Onderwerp: Bezoek-historie

RSJ 14/4097/GV, 2 december 2014, beroep
Uitspraakdatum:02-12-2014

Dit onderwerp bevat de volgende rubrieken.

Uitspraak

nummer: 14/4097/GV

betreft: [klager] datum: 2 december 2014

De beroepscommissie als bedoeld in artikel 73, eerste lid, van de Penitentiaire beginselenwet (Pbw) heeft kennisgenomen van een bij het secretariaat van de Raad ingekomen beroepschrift van

[...], verder te noemen klager,

gericht tegen een op 23 oktober 2014 genomen beslissing van de Staatssecretaris van Veiligheid en Justitie (de Staatssecretaris),

alsmede van de onderliggende stukken.

De beroepscommissie heeft de Staatssecretaris in de gelegenheid gesteld schriftelijk te reageren op het beroep en klager, alsmede zijn raadsman mr. L.C. de Lange, om het beroep schriftelijk toe te lichten.

Op grond van haar onderzoek overweegt en beslist de beroepscommissie als volgt.

1. De inhoud van de bestreden beslissing
De Staatssecretaris heeft klagers verzoek tot het tijdelijk verlaten van de inrichting in het kader van algemeen verlof afgewezen.

2. De standpunten
Door en namens klager is het beroep als volgt toegelicht.
Klager is in het verleden weliswaar op vakantie geweest naar Marokko, doch altijd teruggekeerd naar Nederland waar hij woonachtig is. Bovendien volgt uit het selectieadvies dat het risico op het onttrekken aan voorwaarden als laag/gemiddeld wordt
ingeschat. Voorts wordt ingeschat dat er geen risico op letselschade is. Klager wordt in detentie ervaren als een rustige en vriendelijke man die geen aansturing of correctie nodig heeft. Klager is niet van plan om zich aan de detentie te onttrekken.
Klager heeft familie in Nederland en zijn vrouw kan naar Nederland komen. Klager kan verblijven op het adres van zijn ouders. Daarnaast zijn de reisdocumenten van klager beschikbaar in de inrichting en kan een tijdelijke inname daarvan een risico op
onttrekken, voor zover aanwezig, verkleinen. Ook kan worden gedacht aan maatregelen zoals een locatie en/of contactverbod. Voorts lijdt klager aan een oogziekte waardoor hij steeds meer van zijn zicht verliest. Klager is bijna 20 maanden gedetineerd en
naarmate de tijd verstrijkt, zal het risico van maatschappelijke onrust afnemen. Klager is niet op de hoogte van de verblijfplaats van aangeefster en is niet voornemens contact met haar op te nemen. Voorts wordt verwezen naar de zaak rondom het verlof
van Volkert van de G. Door het tijdsverloop gaat het belang van de gedetineerde steeds zwaarder wegen ten opzichte van de maatschappelijke onrust die verlofverlening met zich mee kan brengen.
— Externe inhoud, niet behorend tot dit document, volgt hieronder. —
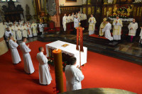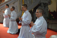 W sobotę w Katedrze biskup legnicki Zbigniew Kiernikowski udzielił święceń diakonatu 4 alumnom V roku WSD. W uroczystości wzięli udział klerycy, przełożeni i wykładowcy seminarium, rodzice i krewni kandydatów do święceń oraz księża proboszczowie z rodzinnych parafii alumnów. Nie zabrakło też sióstr zakonnych oraz przedstawicieli parafii, z których pochodzą nowi diakoni.

Namens de Staatssecretaris is de bestreden beslissing als volgt toegelicht.
Het verzoek is afgewezen met verwijzing naar artikel 4, sub a en sub i, van de Regeling tijdelijk verlaten van de inrichting (de Regeling). Tevens is het risico op het onttrekken aan de detentie genoemd. Klager woont bij zijn echtgenote in Marokko.
Klager verbleef ten tijde van zijn aanhouding als verdachte van het onderhavige delict ook in Marokko. Er wordt nadrukkelijk gewezen naar het advies van de advocaat-generaal.

Op klagers verlofaanvraag zijn de volgende adviezen uitgebracht.
De directeur van de penitentiaire inrichting Nieuwegein heeft negatief geadviseerd ten aanzien van de verlofaanvraag. Hierbij is aangevoerd dat er weigeringsgronden zijn zoals bedoeld in de Regeling. Daarnaast is het mogelijk om een contact- en
locatieverbod op te leggen, maar dit is moeilijk te controleren met elektronisch toezicht (e.t.), omdat onbekend is waar het slachtoffer woont. Tevens is e.t. niet bedoeld om een onttrekking te voorkomen.
De advocaat-generaal bij het ressortsparket te Arnhem adviseert negatief en heeft aangegeven dat klager voor zijn aanhouding in Marokko verbleef. Hij heeft daar veel familie en mogelijk vermogen. De kans wordt zeer groot geacht dat klager zich zal
onttrekken aan het resterende strafdeel. De kans op herhaling wordt aanwezig geacht en het is voor het slachtoffer en haar omgeving onverteerbaar als klager reeds gebruik zou mogen maken van vrijheden, terwijl de strafzaak nog niet onherroepelijk is
afgedaan. Subsidiair wordt aangevoerd dat er voorwaarden moeten worden opgelegd, zoals een locatie- en contactverbod alsook e.t. Tevens zou het paspoort moeten worden ingeleverd. Bovendien zouden de politie en het slachtoffer op de hoogte moeten worden
gesteld van eventuele verloven en de voorwaarden die daarbij worden gesteld.
De politie heeft het verlofadres geverifieerd en in orde bevonden.

3. De beoordeling
Klager is in hoger beroep veroordeeld tot een gevangenisstraf van 4 jaren met aftrek, wegens – kort gezegd – mensenhandel en strafbare exploitatie van prostitutie. Tevens is aan klager een schadevergoedingsmaatregel opgelegd van € 110.000,= (subsidiair
365 dagen vervangende hechtenis). Tegen deze uitspraak heeft klager beroep in cassatie ingesteld. De fictieve einddatum van de detentie valt op of omstreeks 10 november 2015.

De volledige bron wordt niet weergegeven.